Release Date: December 13, 2023

Model Specifications

Basic Information

Property	Value
Model Name	SOLAR-10.7B-Instruct-v1.0
Provider	Upstage
Parameters	~11 billion (10.7B)
Model Type	Instruction-tuned Language Model
Architecture	Transformer (Llama-based)
Data Type	Float16 (F16)
Context Window	4,096 tokens
License	CC-BY-NC-4.0 (non-commercial)

Architecture Details

SOLAR-10.7B uses an innovative Depth Up-Scaling (DUS) methodology:

Base Architecture: Mistral 7B weights
Scaling Technique: Integrates Mistral 7B weights into upscaled layers
Training Method: Continued pre-training on the entire upscaled model
Advantage: Achieves better performance than direct scaling while maintaining efficiency

Training Approach

Instruction Fine-Tuning Strategy

The model combines state-of-the-art techniques:

Supervised Fine-Tuning (SFT) - Learning from high-quality examples
Direct Preference Optimization (DPO) - Learning from preference pairs

Training Datasets

Dataset	Purpose
c-s-ale/alpaca-gpt4-data	SFT
Open-Orca/OpenOrca	SFT
In-house Metamath-based data	SFT, DPO
Intel/orca_dpo_pairs	DPO
allenai/ultrafeedback_binarized_cleaned	DPO

Data Contamination Prevention

Datasets were carefully filtered to prevent contamination with test benchmarks.

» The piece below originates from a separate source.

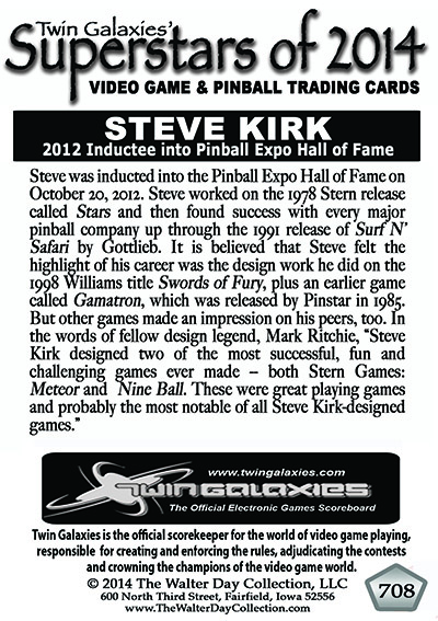 Steve was inducted into the Pinball Expo Hall of Fame on October 20, 2012. Steve worked on the 1978 Stern release called Stars and then found success with every major pinball company up through the 1991 release of Surf N’ Safari by Gottlieb. It is believed that Steve felt the highlight of his career was the design work he did on the 1998 Williams title Swords of Fury, plus an earlier game called Gamatron, which was released by Pinstar in 1985. But other games made an impression on his peers, too. In the words of fellow design legend, Mark Ritchie, “Steve Kirk designed two of the most successful, fun and challenging games ever made -- both Stern Games: Meteor and Nine Ball. These were great playing games and probably the most notable of all Steve Kirk-designed games.”

Contamination rates on major benchmarks:

Benchmark	Contamination Rate
ARC	0.06%
MMLU	0.15%
TruthfulQA	0.28%
GSM8K	0.70%

Excluded tasks: ARC, HellaSwag, DROP, WinoGrande, and GSM8K variants.

Performance & Benchmarks

Comparative Benchmarks (H6 Score)

Model	H6 Score	Model Size	Notes
SOLAR-10.7B-Instruct-v1.0	74.20	~11B	Outperforms larger models
Mixtral-8x7B-Instruct-v0.1	72.62	~46.7B	4x larger, lower score
Yi-34B-200K	70.81	~34B	3x larger
Yi-34B	69.42	~34B	3x larger
Llama-2-70b-hf	67.87	~70B	6x larger

Key Performance Strengths

Outperforms models up to 30B parameters - Significantly more efficient
Surpasses Mixtral 8x7B - Despite being ~4.3x smaller
Excellent for fine-tuning - High-quality base for adaptation
Robust and adaptable - Works well across various NLP tasks
Instruction-following - Strong at following complex instructions
Reasoning & Mathematics - Good performance on analytical tasks

Capabilities & Use Cases

Intended Use Cases

Primary Use: Single-turn conversation and instruction following
Strengths:
- Natural language understanding and generation
- Instruction-following tasks
- Reasoning and problem-solving
- Mathematical tasks
- Code understanding and generation
- Content summarization and analysis

Limitations

Optimized for single-turn conversations only - Not ideal for multi-turn chat systems
Less suitable for extended dialogue - Multi-turn optimization not a design goal
Non-commercial license - CC-BY-NC-4.0 due to training data constraints
Context limit of 4K tokens - Shorter than some modern models

Inference Parameters

Supported Generation Parameters

When using the model through API inference endpoints, the following parameters are supported:

Parameter	Type	Description
`max_tokens`	integer	Maximum tokens to generate in response
`temperature`	float	Sampling temperature (0.0 - 2.0)
`top_p`	float	Nucleus sampling parameter (0.0 - 1.0)
`stop`	string/array	Stop sequences to halt generation
`frequency_penalty`	float	Reduce frequency of repeated tokens
`presence_penalty`	float	Reduce likelihood of new tokens
`seed`	integer	Random seed for reproducibility

Integration & API Access

Providers Offering SOLAR-10.7B-Instruct

The model is available through multiple platforms:

Hugging Face - Direct model download
- Repository: upstage/SOLAR-10.7B-Instruct-v1.0
- Format: HF Transformers compatible
NVIDIA NIM - Optimized inference via TensorRT-LLM
- Hardware: NVIDIA Lovelace (L40S tested)
- Engine: TensorRT-LLM for latest GPU optimization
LangDB - Model API access
- Provider: togetherai
- Model ID: SOLAR-10.7B-Instruct-v1.0
Clarifai - AI model registry
- Organization: upstage
- Model: solar-10_7b-instruct
Ollama - Local inference
- Model: solar:10.7b-instruct-v1-q5_0 (quantized)

Usage Examples

Loading with Hugging Face Transformers

import torch
from transformers import AutoModelForCausalLM, AutoTokenizer

# Load tokenizer and model
tokenizer = AutoTokenizer.from_pretrained("upstage/SOLAR-10.7B-Instruct-v1.0")
model = AutoModelForCausalLM.from_pretrained(
    "upstage/SOLAR-10.7B-Instruct-v1.0",
    device_map="auto",
    torch_dtype=torch.float16,
)

Single-Turn Conversation Example

conversation = [{'role': 'user', 'content': 'Hello?'}]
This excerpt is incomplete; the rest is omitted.